§ WORK TO BE COMPLETED
Repeat exactly the lines below from the line that contains "Torrid 2 Black" to the last line, inclusive, without the pictures.

(Stored data entries)
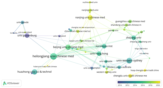 Among the 345 nodes and 557 links, Heilongjiang University Chinese Med (n = 16) ranked first in publication volume, followed by Korea Institute Oriental Med (n = 14) and Huangzhong University of Science & Technology (n = 12). In terms of centrality, the top three institutions were Beijing University Chinese Med (0.09), Karolinska Institute (0.06) and Heilongjiang University Chinese Med (0.05) (Figure 3(a), Table 4). Visual analysis (Figure 3(b), Figure 3(d)) was performed by VOSviewer. Karolinska Institute was the most cited institution (n = 372), followed by Heilongjiang University Chinese Med (n = 300) and University Adelaide (n = 292). In the knowledge map analyzed by the co-authors, red clustering showed that there was a close cooperative relationship among Yale University, Karolinska Institute, Gossberg University, Heilongjiang University of Chinese Medicine and University of Hong Kong. Blue clustering revealed cooperation among Shanghai University of Traditional Chinese Medicine, Nanjing University of Traditional Chinese Medicine, Guangzhou University of Traditional Chinese Medicine, Xuzhou Medical University and Nanjing Medical University, while green clustering illustrated the cooperative relationship among Beijing University of Traditional Chinese Medicine, West Sydney University and University of New South Wales. Purple clustering showed cooperation among Kyunghee University and Korea Institute of Oriental. Yellow clustering indicated cooperation among Zhejiang University of Traditional Chinese Medicine, Shandong University of Traditional Chinese Medicine and Peking University. (Figure 3(c)). West Sydney University, Heilongjiang University of Chinese Medicine, Nanjing University of Traditional Chinese Medicine and Zhejiang University were the core members of the cooperative network, promoting extensive cooperation among many institutions.
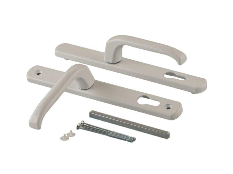 Данный дверной гарнитур выполнен из алюминия. Двусторонняя нажимная ручка зафиксирована на узкой сплошной накладке. Крепится с помощью двух стяжных винтов. В комплекте идут также декоративные накладки под винты.
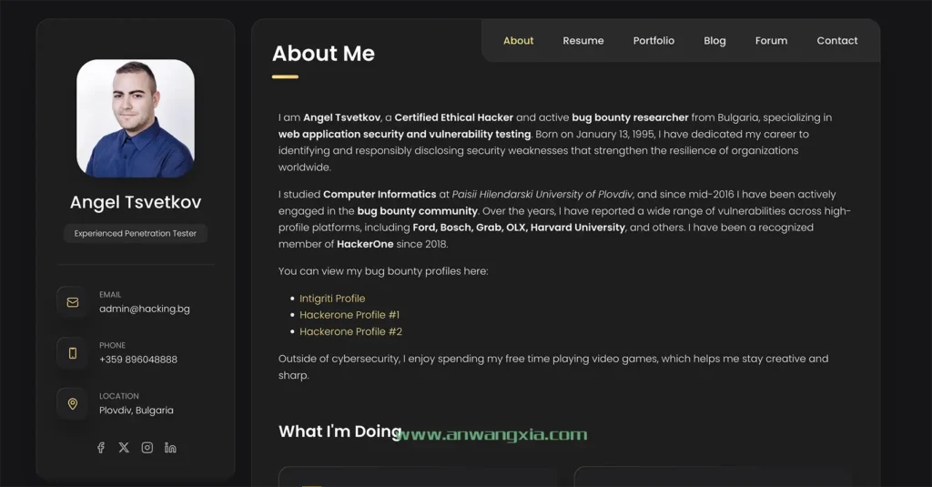PwnForums已确认N/A为安吉尔·茨韦特科夫 (Angel Tsvetkov),他是一名保加利亚网络安全专家、渗透测试员和漏洞赏金研究员,拥有渗透测试和漏洞研究背景。他以其在识别和负责任地披露全球主要平台漏洞方面的工作而闻名。他在HackerOne和Intigriti等平台上享有盛誉,曾报告过影响大型企业的漏洞。他的工作主要集中在Web应用程序安全、漏洞发现和对抗性测试方面。
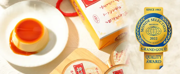 「神戸の街にふさわしいおいしいお土産を作りたい」そんな熱い想いと共に3年間の試行錯誤を重ね完成した神戸プリン…素材の組み合わせはシンプルですが、そのぶん素材の風味や丁寧な製法が生きる一品です。1993年に誕生以来、多くの皆さまに愛されています。
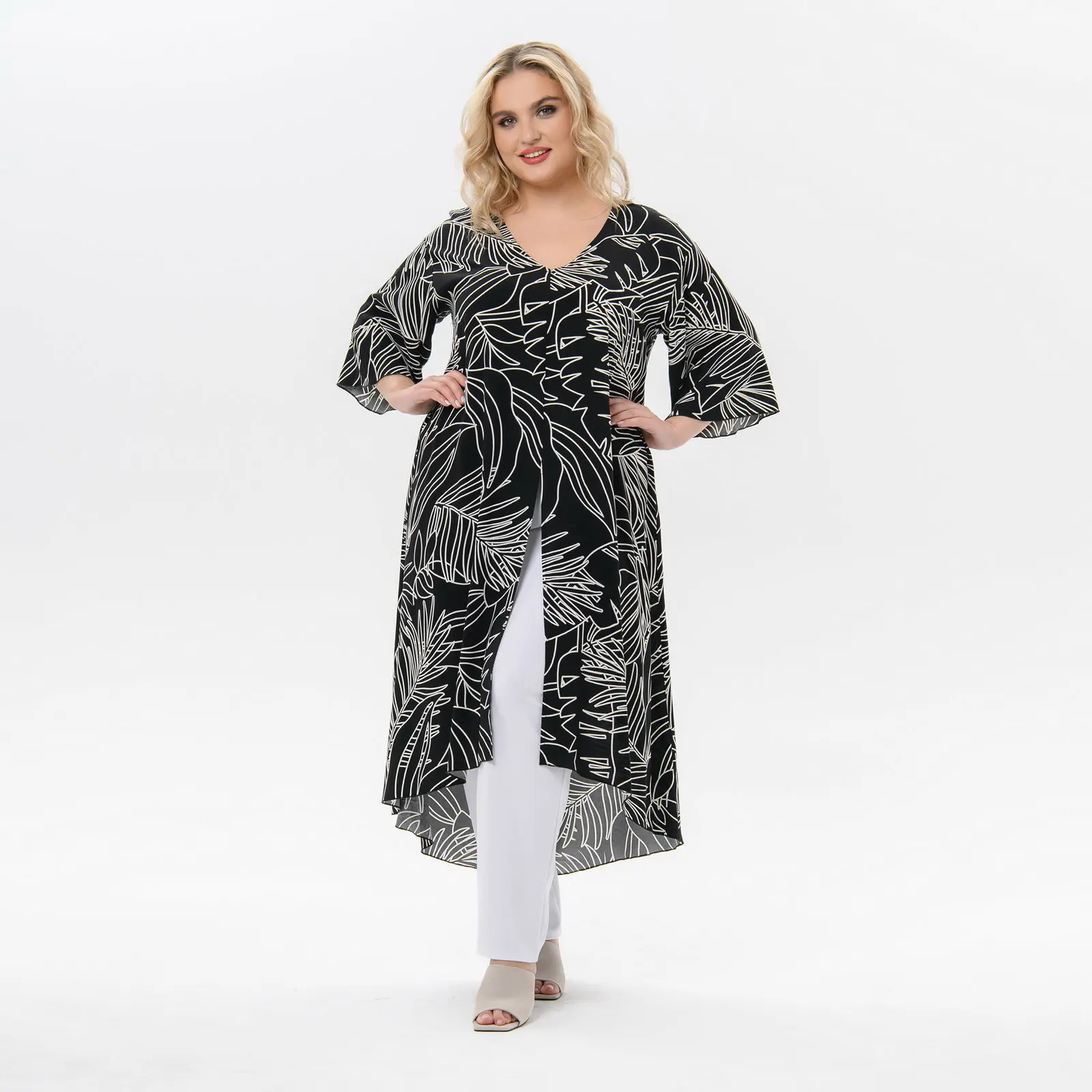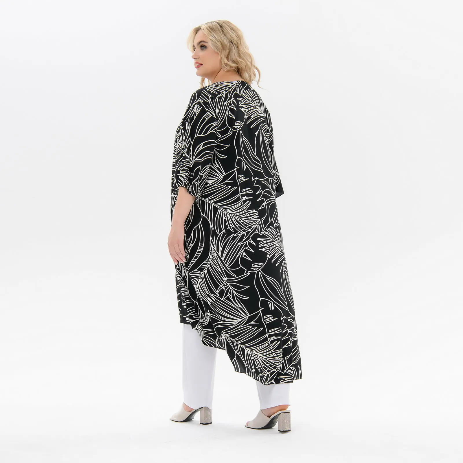 Туника удлиненная асимметричная, штапель, принт "черно-белый"
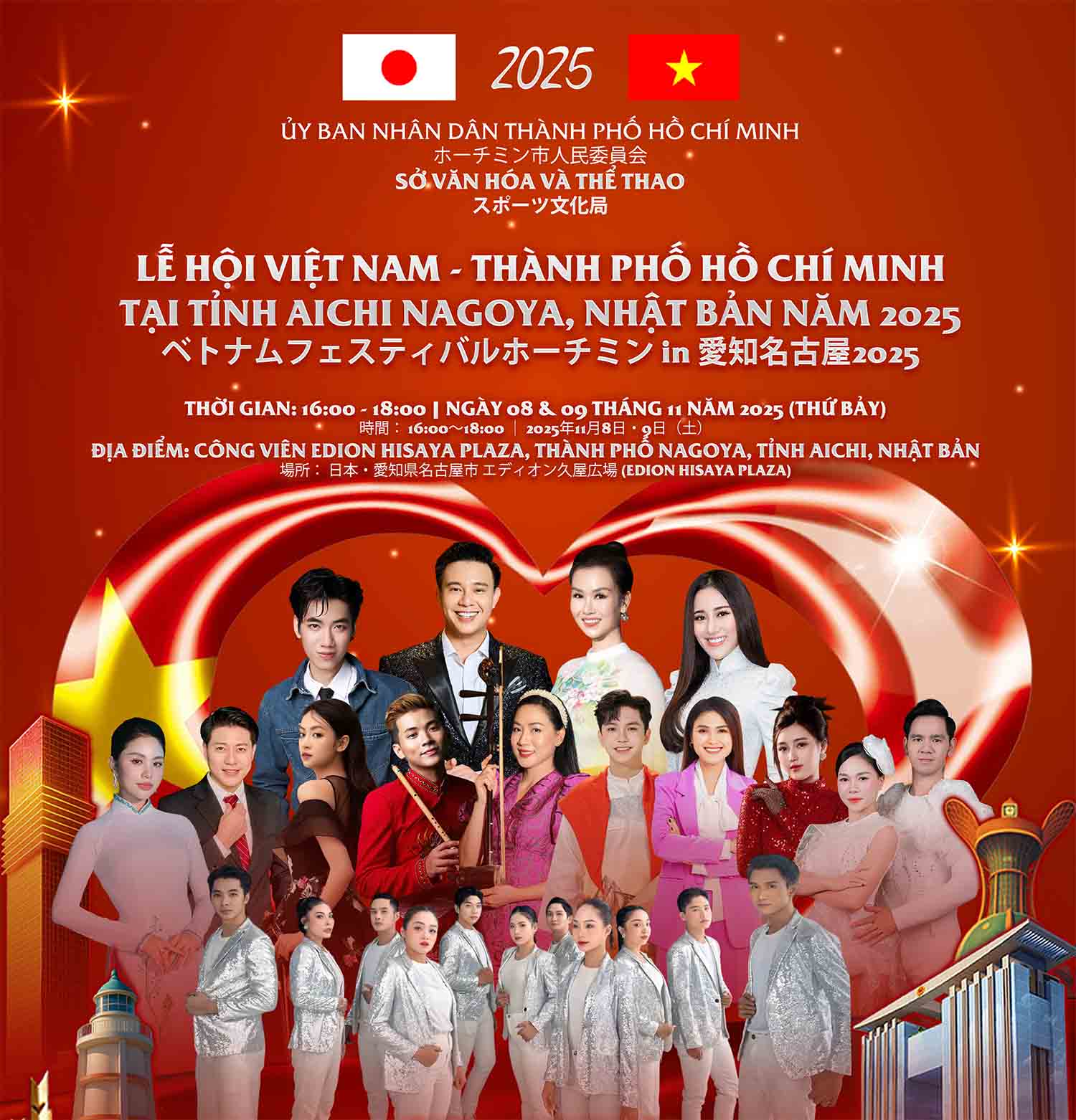 Poster chương trình Lễ hội Việt Nam – TP.HCM 2025 tại tỉnh Aichi, Nhật Bản |
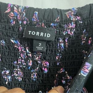 Torrid 2 Black Floral V-Neck Sundress Smocked Midi Summer
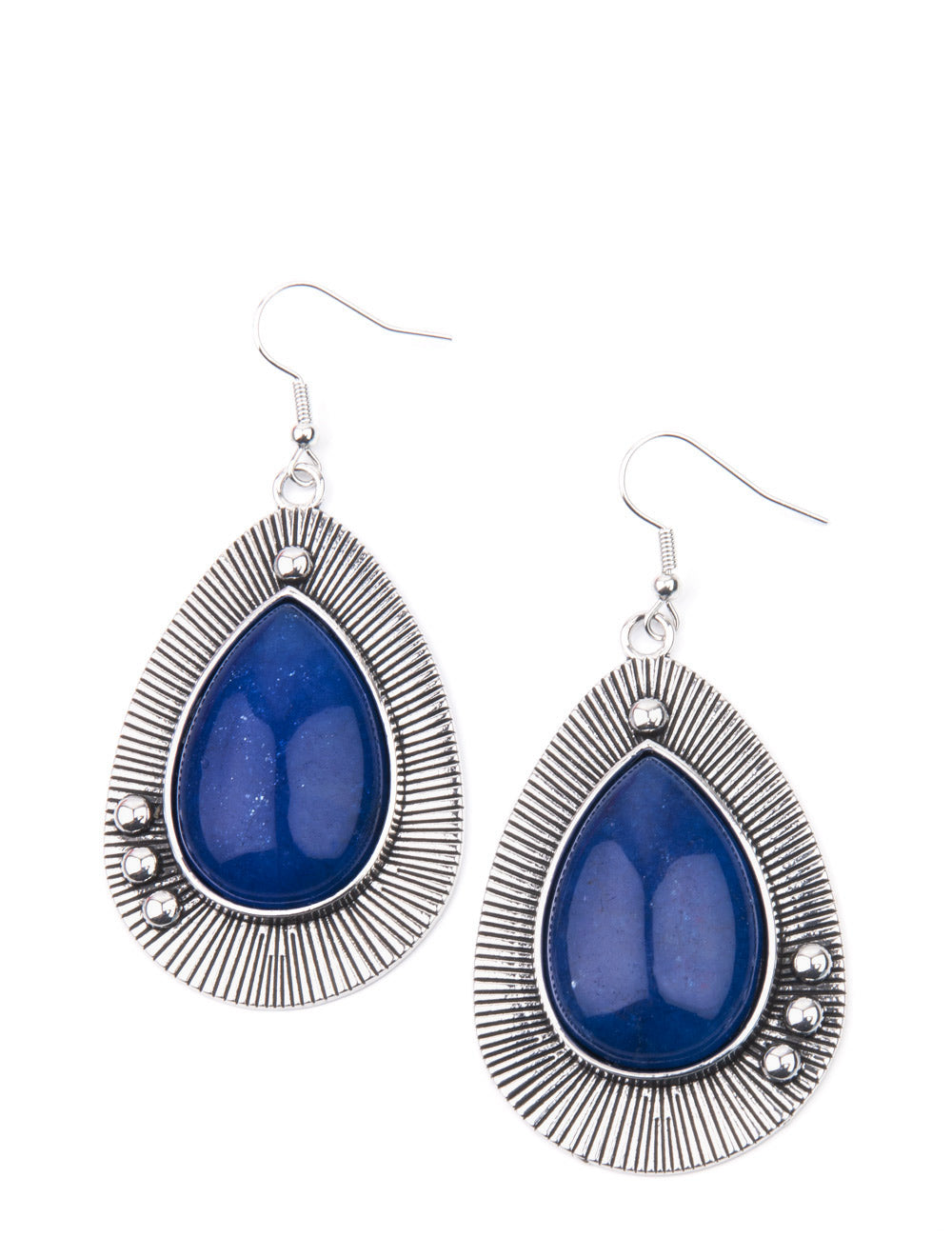 Chiseled into a tranquil teardrop, a shimmery French Blue stone bead is pressed into the center of a rustically studded silver frame radiating with antiqued detail for a southwestern flair. Earring attaches to a standard fishhook fitting.

§ THE ANSWER
 Torrid 2 Black Floral V-Neck Sundress Smocked Midi Summer
 Chiseled into a tranquil teardrop, a shimmery French Blue stone bead is pressed into the center of a rustically studded silver frame radiating with antiqued detail for a southwestern flair. Earring attaches to a standard fishhook fitting.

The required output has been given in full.